→ THE RECORDS:
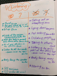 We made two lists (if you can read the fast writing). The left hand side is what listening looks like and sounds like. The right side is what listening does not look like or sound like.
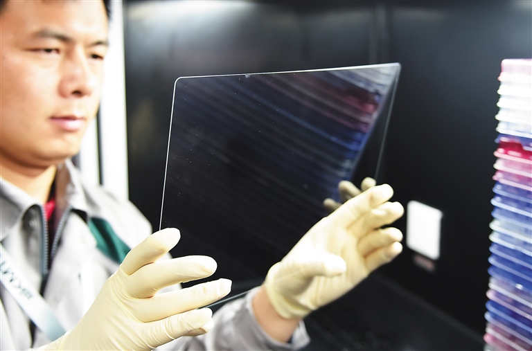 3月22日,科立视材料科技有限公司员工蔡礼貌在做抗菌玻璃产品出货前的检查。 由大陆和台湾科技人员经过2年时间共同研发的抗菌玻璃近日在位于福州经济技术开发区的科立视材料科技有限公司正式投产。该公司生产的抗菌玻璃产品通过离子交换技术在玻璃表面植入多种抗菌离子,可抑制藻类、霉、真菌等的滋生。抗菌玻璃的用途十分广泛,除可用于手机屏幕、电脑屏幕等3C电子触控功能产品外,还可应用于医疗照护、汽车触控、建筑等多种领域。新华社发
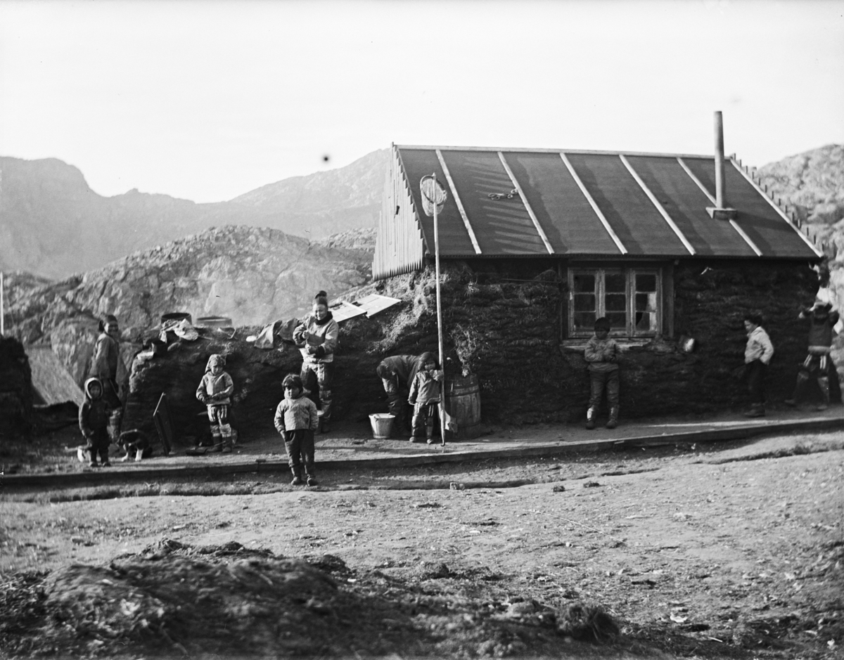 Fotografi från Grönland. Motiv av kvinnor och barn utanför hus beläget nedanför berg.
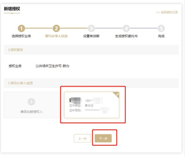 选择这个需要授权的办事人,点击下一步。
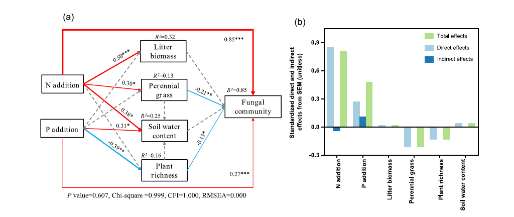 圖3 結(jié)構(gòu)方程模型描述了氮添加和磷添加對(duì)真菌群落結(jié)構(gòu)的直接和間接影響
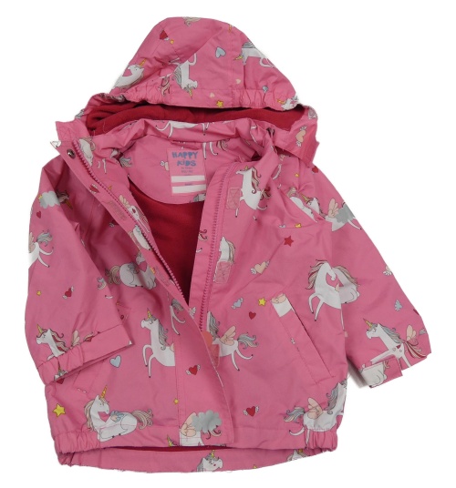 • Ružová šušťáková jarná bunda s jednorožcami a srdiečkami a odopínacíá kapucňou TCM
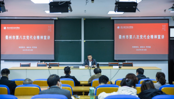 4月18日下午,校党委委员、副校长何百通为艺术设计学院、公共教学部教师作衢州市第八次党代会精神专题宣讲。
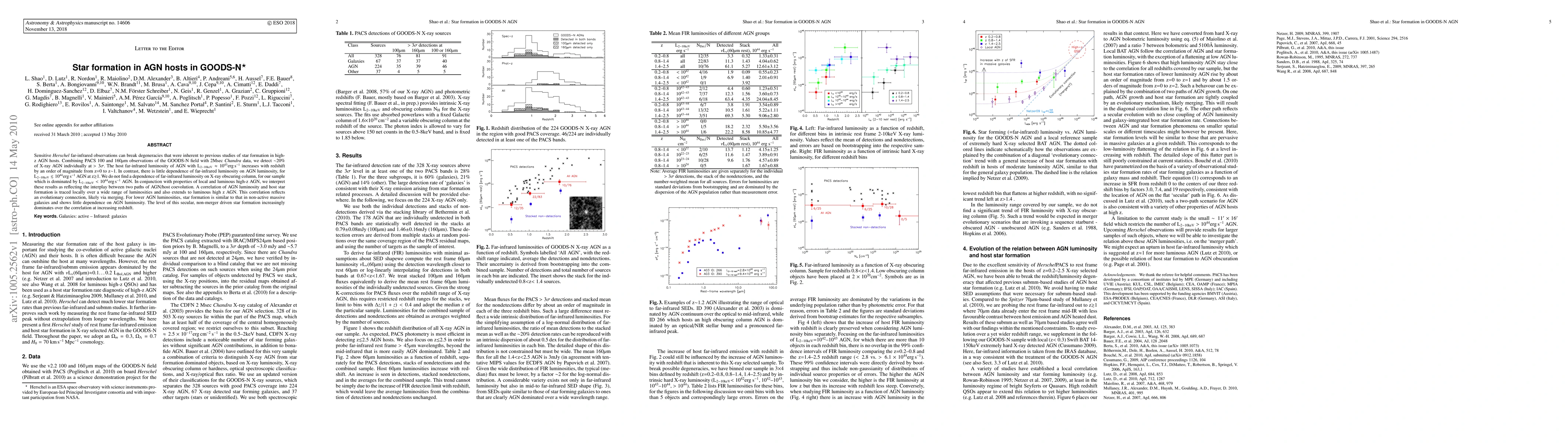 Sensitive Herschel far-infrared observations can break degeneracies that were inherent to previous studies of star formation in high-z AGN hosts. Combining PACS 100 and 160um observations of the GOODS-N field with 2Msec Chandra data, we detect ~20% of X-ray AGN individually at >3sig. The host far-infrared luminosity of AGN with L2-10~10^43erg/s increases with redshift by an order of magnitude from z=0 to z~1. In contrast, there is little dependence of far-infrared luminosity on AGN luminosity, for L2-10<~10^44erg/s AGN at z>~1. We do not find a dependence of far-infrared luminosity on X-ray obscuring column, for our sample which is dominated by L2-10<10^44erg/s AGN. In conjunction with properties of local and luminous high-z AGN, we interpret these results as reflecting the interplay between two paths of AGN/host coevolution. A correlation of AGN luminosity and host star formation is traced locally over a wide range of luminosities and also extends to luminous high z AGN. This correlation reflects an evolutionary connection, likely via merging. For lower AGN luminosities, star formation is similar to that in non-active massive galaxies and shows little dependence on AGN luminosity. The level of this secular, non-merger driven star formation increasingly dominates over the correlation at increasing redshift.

* * *

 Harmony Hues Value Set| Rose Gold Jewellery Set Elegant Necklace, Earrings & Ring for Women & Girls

--

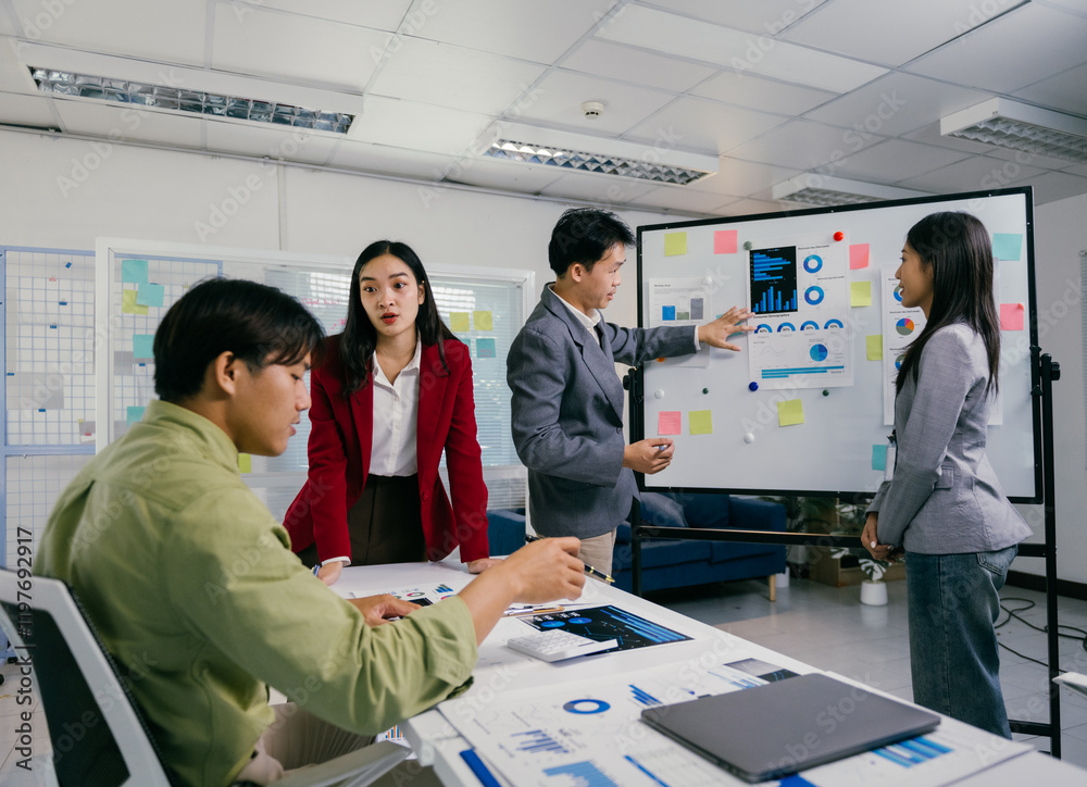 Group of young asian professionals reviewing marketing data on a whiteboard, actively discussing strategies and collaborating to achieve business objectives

→ TO DO: Only one stretch of the data is wanted: write out exactly the lines from the one holding "Fotografi från Grönland." through the one holding "odopínacíá kapucňou TCM", both included, without the pictures.

→ RESULT FOR THIS EXERCISE:
 Fotografi från Grönland. Motiv av kvinnor och barn utanför hus beläget nedanför berg.
 选择这个需要授权的办事人,点击下一步。
 圖3 結(jié)構(gòu)方程模型描述了氮添加和磷添加對(duì)真菌群落結(jié)構(gòu)的直接和間接影響
 • Ružová šušťáková jarná bunda s jednorožcami a srdiečkami a odopínacíá kapucňou TCM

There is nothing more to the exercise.